Please find the corrected input files attached. I have also attached OUTCAR and OSZICAR.
I sincerely apologize for having sent a corrupted INCAR file earlier — I didn’t notice the issue at that time.
Hi,
I noticed that ISPIN=2 in INCAR, which means a spin-polarized calculation. For such calculations one should usually specify reasonable initial magnetic moments (value and sign) on the atoms (with MAGMOM), otherwise the initial magnetic moments are by default set to 1 for all atoms, which is probably not physically meaningful for your system. Such non-physical solutions may lead to technical problems and possibly to a crash of the calculation. Thus, I suggest that you restart your calculation with MAGMOM set to some meaningful choice (and do not forget to delete the old WAVECAR file before restarting the calculation).
Dear Expert,
I have performed the calculation, including the MAGMOM tag. This time, I encountered the error "Error EDDDAV: Call to ZHEGV failed. Returncode = 18 2 20".

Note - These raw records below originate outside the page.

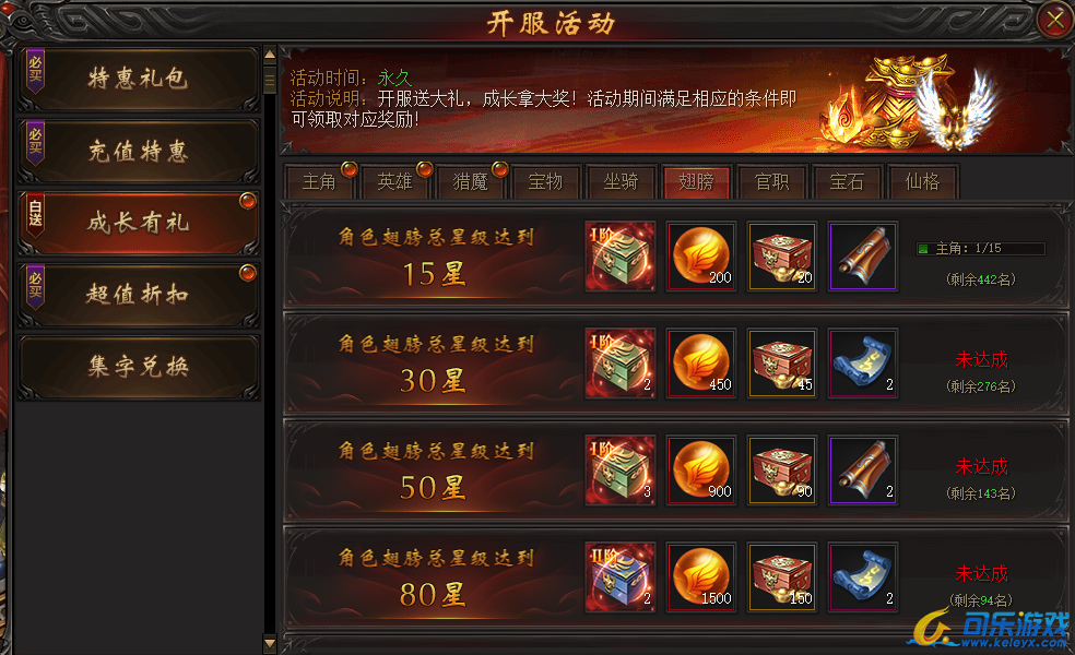 说明:活动期间翅膀等阶满足条件即可领取大量奖励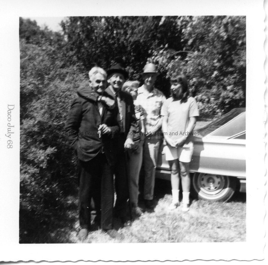 Group of people at Coupeville Old Timers Picnic in July 1968. The group is made up mostly of decendants of the pioneers to the island. Five friends standing on the grass near a car. On the back: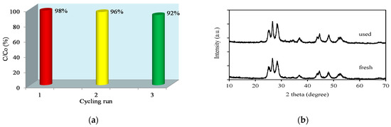 Practical application of catalysis strongly depends on the reusability and stability of the catalyst materials. For this purpose, the performance of Pt/AgInS2 materials was studied in three consecutive runs of photodegradation of pirimicarb under visible-light irradiation. The Pt/AgInS2 catalyst was collected after each run, dried, and reused under the same experimental conditions. As shown in Figure 15a, the photocatalytic activity of Pt/AgInS2 was consistent after three successive catalytic tests with 98%, 96%, and 92% degradation of pirimicarb, respectively. In addition, Figure 15b displays that the XRD patterns of the used Pt/AgInS2 powder after the reaction match closely the patterns of the fresh powder before usage, with minor differences in the relative intensities only [31]. The experiments show that the Pt/AgInS2 system is significantly stable and reusable for long-term practical photocatalytic processes without photocorrosion risk.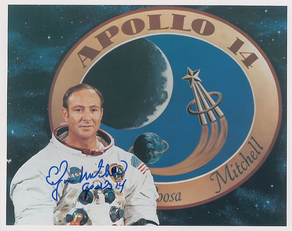 Color satin-finish 10 x 8 photo of Mitchell posing in his white space suit in front of the Apollo 14 mission insignia, signed in blue felt tip, “Edgar Mitchell Apollo 14.” In fine condition.
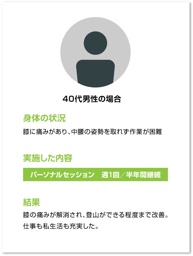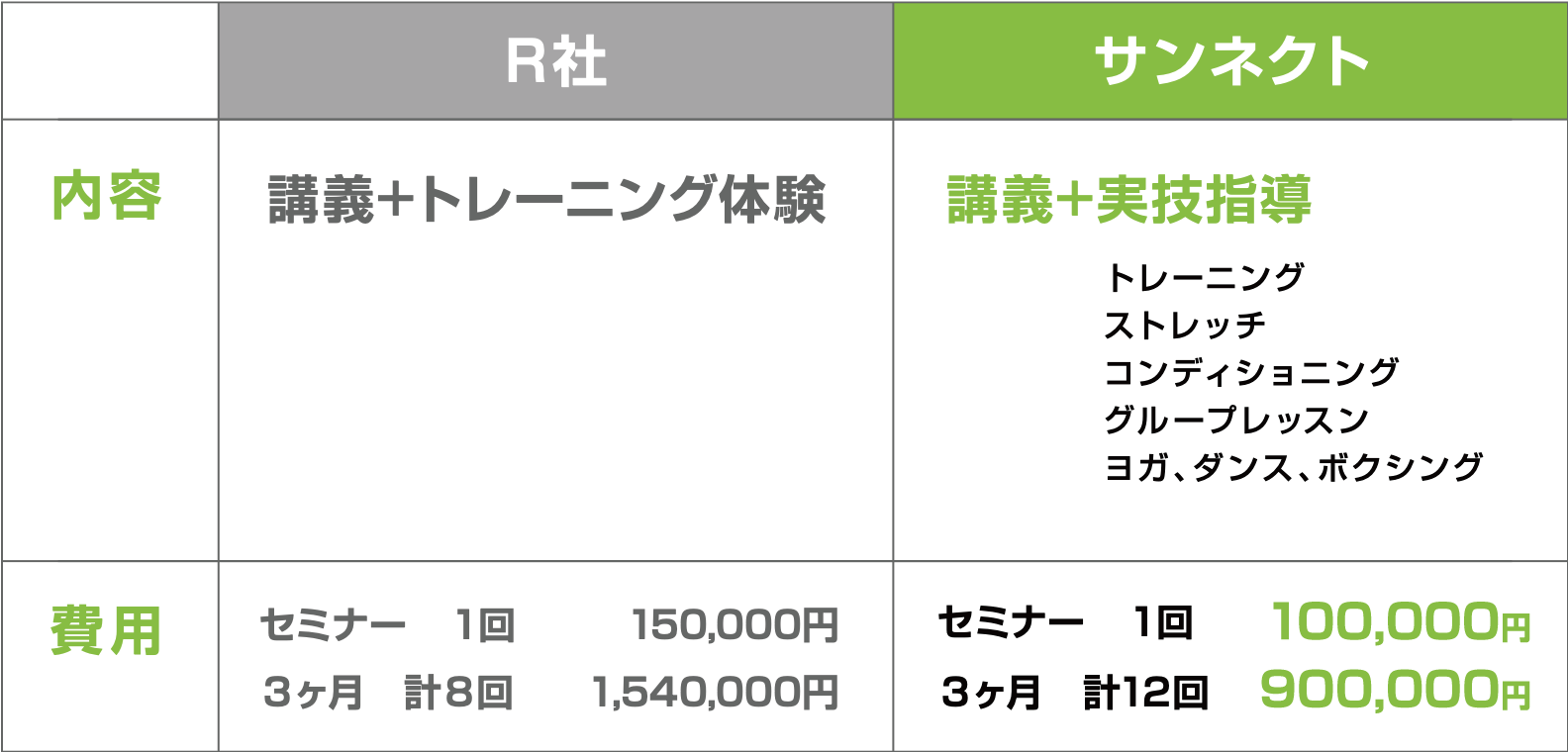 セミナーとは異なり、マンツーマンでトレーナーの施術も加わるため、さらなる効果が期待でいます。
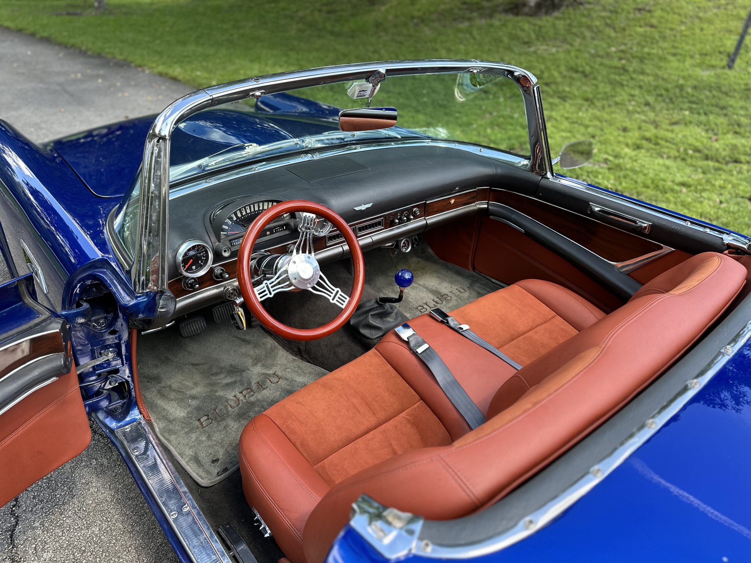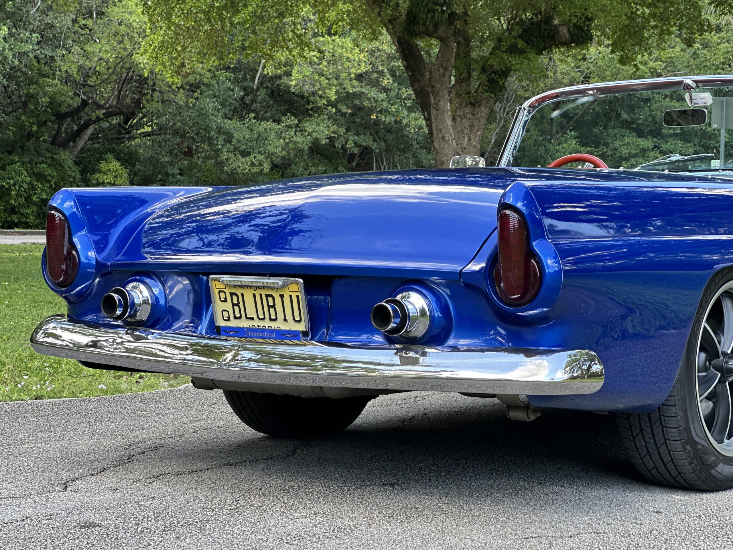 Up for sale is a Beautiful 1955 Ford Thunderbird Restomod! This is a high end show car that went through a 6 year body-off restoration. Powered by a new Blue Print 306CID 400 HP Crate Engine, 5-Speed Manual Transmission and Ford 9 Inch Rear with 3.23 Gears. It has an upgraded and very rare dual quad cross ram intake set up with new Holley 390 cfm 4bbl Carbs. The front end was rebuilt with air ride from air ride technology with self filling tank, new suspension with oversized sway bars, etc, everything is new and replaced. Has vintage air conditioning that blows cold. The electrical system and wiring was all redone. Custom headers with custom exhaust exiting the rear valance. This car sounds, runs and drives excellent with a lot of power. It handles the road great and is perfect for shows or even take it on road course/tracks with excellent handling. The body has been customized with shaved door handles with power openers, custom fitted LED taillights and maserati inspired grille. The body work is laser straight and shows great. Body was disassembled, stripped and epoxy primed prior to paint. The car was finished in House Of Kolor Galaxy Blue Metallic base coat/clear coat. The paint shines great and is ready for shows. The chrome is all in excellent condition, glass and fittings also look great. It has been driven and enjoyed so you may find a small couple touch ups but overall it shows amazing in person. The interior was customized and finished by Richard Trim in Hewitt, NJ. Custom Saddle Leather with suede Interior, seat has been modified for 6 inches of extra cabin room. It has 5-way tilt steering with billet column. The seats are heated, power and has power windows with hidden switches. The car has a Ford Performance clutch, new fuel+brake lines, new electrical system, new fuel tank, custom battery box to hide it in the eng compartment, 3 row aluminum radiator and upgraded cooling system, custom wheels, tires and brakes, much more. Has Ford Tachometer with restored original style gauge cluster. The hardtop was also restored and has a new white canvas soft top. The hardtop has a few minor blemishes in the paint. The engine compartment and trunk are show quality as expected with the rest of the car. Underside is body off restored- frame finished in POR15. This is a very nice, high end car with a ton of money invested. You will get attention and compliments everywhere it goes. It was used in many shows and awards won. It is nicknamed "BlueByU" Comes with photo album made into a book of the restoration start to finish, motor build sheet, dyno sheet, custom floor mats with nickname stitched in, other misc paperwork. Has a clean / clear title.

Here, I have attached the input and output files for your reference. Please have a look.
Hi,
The calculation crashed at the beginning of the second ionic step. In the OUTCAR, we can see that the forces at the first ionic step are large on atoms 20 and 53 (search for TOTAL-FORCE in OUTCAR) . These two atoms form a bond and it may possibly be that the distance between these two atoms is unrealistic. Do you still have the CONTCAR file that was generated at the end of the first ionic step (and used for the second ionic step)?
Please find the attached CONTCAR generated after the first iteration.
I had a closer look at the geometry, and it seems that the crash is a consequence of the bond length between the O atom (atom no. 53) and one of the Bi atoms (no. 20) that is unrealistically too small (1.4 Å). Attached, is a modified POSCAR file, where the O atom is at a higher \(z\)-position such that the Bi-O bond length is about 2.5 Å. With this POSCAR no crash occurs at the second ionic step.